Reproduce every line of the material below, but drop the pictures.

▬▬▬▬▬▬

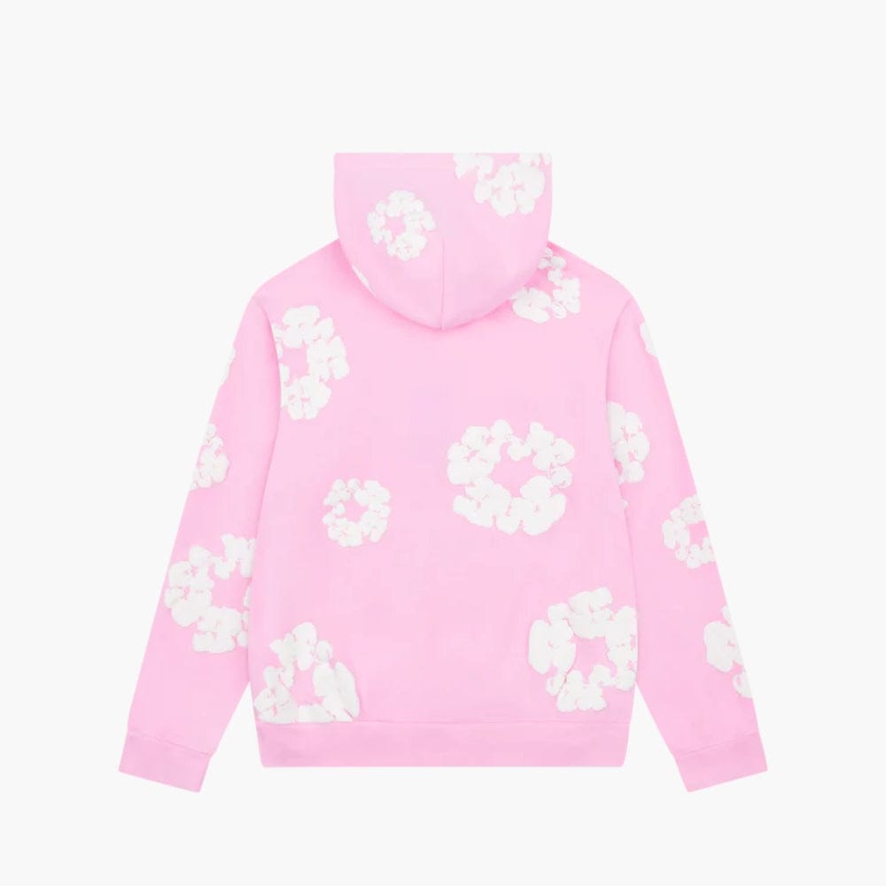 Pink “Cotton Wreath” Denim Tears Hoodie – White Floral Print Streetwear Pullover
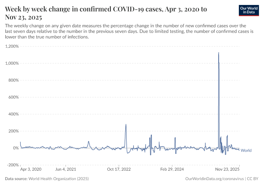 World Health Organization (2025) – processed by Our World in Data. “Week by week change in confirmed COVID-19 cases” [dataset]. World Health Organization, “COVID-19 Dashboard WHO COVID-19 Dashboard - Daily cases and deaths” [original data]. Retrieved December 23, 2025 from https://archive.ourworldindata.org/20251223-063440/grapher/weekly-growth-covid-cases.html (archived on December 23, 2025).
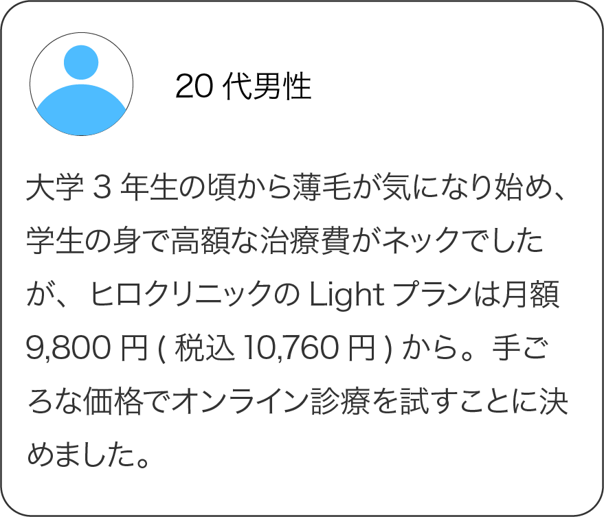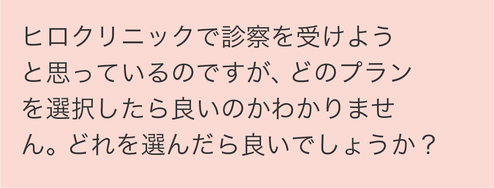 プランはご自身の頭皮の状況、今後どれだけ発毛されたいか、また医師の診察を踏まえてご判断いただくことをおすすめしております。
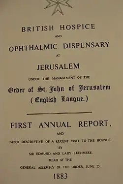 Le premier hôpital du Très vénérable ordre de Saint-Jean ouvre en 1882 sur la route de Bethléem, au sud de la vieille ville de Jérusalem. La reine Victoria le reconnaît officiellement et lui accorde une charte royale. Sir Edmund Lechmere, un des fondateurs du Très vénérable ordre de Saint-Jean est l'une des figure clefs de sa création[1].
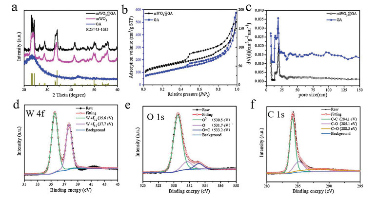 X-ray photoelectron spectroscopy (XPS) was further used to investigate the surface composition and elemental states of mWO3@GA, and the survey-scanned spectrum proves the existence of W, C, and O elements (Fig. S6 in Supporting information). The high-resolution W 4f XPS spectrum can be deconvoluted into two peaks at 35.6 and 37.7 eV (Fig. 4d), corresponding to W 4f7/2 and W 4f5/2 of W6+ in mesoporous WO3, respectively [39, 40]. The deconvolution of O 1s XPS spectrum results in three peaks at 530.5, 531.7 and 533.2 eV (Fig. 4e), which are attributed to the lattice oxygen, chemisorbed oxygen species and surface O=C groups in rGO [41, 42], respectively. Usually, the adsorbed oxygen is more active to react with reducing gases than lattice oxygen, because it can greatly change the concentration of main carriers [14, 43]. The C 1s XPS spectrum can be fitted into three peaks centered at 284.1, 285.1 and 288.3 eV (Fig. 4f), which are associated to C-C (from graphitic sp2 carbons), C–O and C=O (from oxygenate groups attached to the carbon atoms) on the surface of GA monolithic support [32, 44], respectively. As an effective analysis method, Raman spectroscopy can be used to characterize G and D bands of graphene and its derivatives, and the intensity ratio of D band to G band (ID/IG) is usually recognized to reflect the defects and disorder degree of the graphitized structure, which can also be used to estimate the fraction of sp3/sp2-bonded carbon [33]. The Raman spectra of both GA and mWO3@GA nanocomposites in Fig. S7 (Supporting information) display the D band at 1344 cm -1 and G band at 1598 cm-1, respectively. The intensity ratio (ID/IG) for mWO3@GA (1.07) is slightly larger than that for GA (0.91), indicating that the former sample has more defects and higher disorder degree, which could be beneficial for improving gas sensing performance by boosting the adsorption of oxygen and gas species [45].
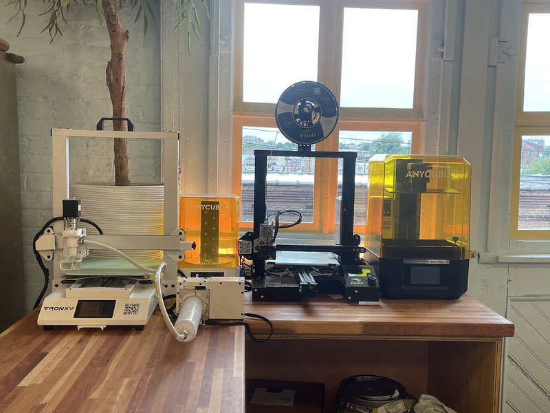 We have a FDM, resin, and clay printer, and each printer has a unique purpose. The FMD printer uses plastic filaments to create low-cost prototypes, tools, dies, and other objects where surface details are less important. The resin printer excels at creating highly detailed objects with resolutions measured in microns. It is excellent for detailed models, stamps, and chops, but each piece is more expensive to produce and there is a significant post-printing cleanup process. The clay printer creates your form directly in clay. This is a fairly new process and can be a little finicky, but once mastered, your pieces can go straight from printer to kiln.
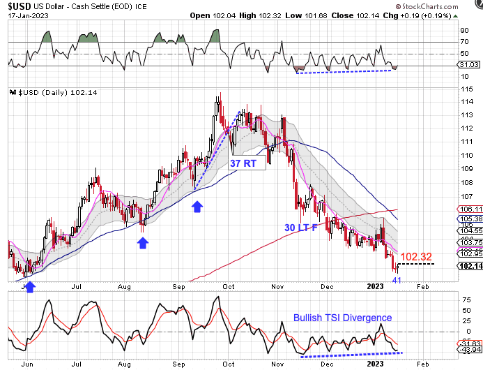 A break above 102.32 will form a swing low. Then a close above the 10 day MA would have us label day 41 as the DCL.
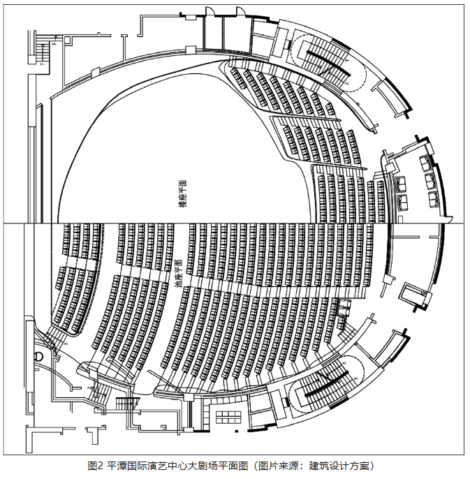 大劇場(chǎng)品字形舞臺(tái)的前端配置升降樂(lè)池,可臨時(shí)安裝118個(gè)活動(dòng)座椅。觀(guān)眾廳呈馬蹄形,座位數(shù)1 500座,總?cè)莘e約12 600 m3,每座容積約8.4 m3/人。觀(guān)眾廳后墻到舞臺(tái)邊緣距離為32.77 m,廳內(nèi)最寬為32.66 m,最高凈空 16.43 m,平均高度約13.45 m。池座有25排座椅,采用全臺(tái)階起坡設(shè)計(jì),首末排高差為6.0 m。樓座觀(guān)眾席同樣采用全臺(tái)階起坡設(shè)計(jì),中間區(qū)域的前后高差為2.58 m,平均起坡為0.43 m。音響控室與燈光控室位于池座后部的中間區(qū)域。觀(guān)眾廳兩側(cè)八字墻各設(shè)置兩道耳光,觀(guān)眾廳天花設(shè)置兩道面光,樓座后方中間區(qū)域設(shè)置追光室。圖2和圖3分別為一層和二層平面圖和剖面圖。

▬▬▬▬▬▬

Exercise output:
 Pink “Cotton Wreath” Denim Tears Hoodie – White Floral Print Streetwear Pullover
 World Health Organization (2025) – processed by Our World in Data. “Week by week change in confirmed COVID-19 cases” [dataset]. World Health Organization, “COVID-19 Dashboard WHO COVID-19 Dashboard - Daily cases and deaths” [original data]. Retrieved December 23, 2025 from https://archive.ourworldindata.org/20251223-063440/grapher/weekly-growth-covid-cases.html (archived on December 23, 2025).
 プランはご自身の頭皮の状況、今後どれだけ発毛されたいか、また医師の診察を踏まえてご判断いただくことをおすすめしております。
 Le premier hôpital du Très vénérable ordre de Saint-Jean ouvre en 1882 sur la route de Bethléem, au sud de la vieille ville de Jérusalem. La reine Victoria le reconnaît officiellement et lui accorde une charte royale. Sir Edmund Lechmere, un des fondateurs du Très vénérable ordre de Saint-Jean est l'une des figure clefs de sa création[1].
 X-ray photoelectron spectroscopy (XPS) was further used to investigate the surface composition and elemental states of mWO3@GA, and the survey-scanned spectrum proves the existence of W, C, and O elements (Fig. S6 in Supporting information). The high-resolution W 4f XPS spectrum can be deconvoluted into two peaks at 35.6 and 37.7 eV (Fig. 4d), corresponding to W 4f7/2 and W 4f5/2 of W6+ in mesoporous WO3, respectively [39, 40]. The deconvolution of O 1s XPS spectrum results in three peaks at 530.5, 531.7 and 533.2 eV (Fig. 4e), which are attributed to the lattice oxygen, chemisorbed oxygen species and surface O=C groups in rGO [41, 42], respectively. Usually, the adsorbed oxygen is more active to react with reducing gases than lattice oxygen, because it can greatly change the concentration of main carriers [14, 43]. The C 1s XPS spectrum can be fitted into three peaks centered at 284.1, 285.1 and 288.3 eV (Fig. 4f), which are associated to C-C (from graphitic sp2 carbons), C–O and C=O (from oxygenate groups attached to the carbon atoms) on the surface of GA monolithic support [32, 44], respectively. As an effective analysis method, Raman spectroscopy can be used to characterize G and D bands of graphene and its derivatives, and the intensity ratio of D band to G band (ID/IG) is usually recognized to reflect the defects and disorder degree of the graphitized structure, which can also be used to estimate the fraction of sp3/sp2-bonded carbon [33]. The Raman spectra of both GA and mWO3@GA nanocomposites in Fig. S7 (Supporting information) display the D band at 1344 cm -1 and G band at 1598 cm-1, respectively. The intensity ratio (ID/IG) for mWO3@GA (1.07) is slightly larger than that for GA (0.91), indicating that the former sample has more defects and higher disorder degree, which could be beneficial for improving gas sensing performance by boosting the adsorption of oxygen and gas species [45].
 We have a FDM, resin, and clay printer, and each printer has a unique purpose. The FMD printer uses plastic filaments to create low-cost prototypes, tools, dies, and other objects where surface details are less important. The resin printer excels at creating highly detailed objects with resolutions measured in microns. It is excellent for detailed models, stamps, and chops, but each piece is more expensive to produce and there is a significant post-printing cleanup process. The clay printer creates your form directly in clay. This is a fairly new process and can be a little finicky, but once mastered, your pieces can go straight from printer to kiln.
 A break above 102.32 will form a swing low. Then a close above the 10 day MA would have us label day 41 as the DCL.
 大劇場(chǎng)品字形舞臺(tái)的前端配置升降樂(lè)池,可臨時(shí)安裝118個(gè)活動(dòng)座椅。觀(guān)眾廳呈馬蹄形,座位數(shù)1 500座,總?cè)莘e約12 600 m3,每座容積約8.4 m3/人。觀(guān)眾廳后墻到舞臺(tái)邊緣距離為32.77 m,廳內(nèi)最寬為32.66 m,最高凈空 16.43 m,平均高度約13.45 m。池座有25排座椅,采用全臺(tái)階起坡設(shè)計(jì),首末排高差為6.0 m。樓座觀(guān)眾席同樣采用全臺(tái)階起坡設(shè)計(jì),中間區(qū)域的前后高差為2.58 m,平均起坡為0.43 m。音響控室與燈光控室位于池座后部的中間區(qū)域。觀(guān)眾廳兩側(cè)八字墻各設(shè)置兩道耳光,觀(guān)眾廳天花設(shè)置兩道面光,樓座后方中間區(qū)域設(shè)置追光室。圖2和圖3分別為一層和二層平面圖和剖面圖。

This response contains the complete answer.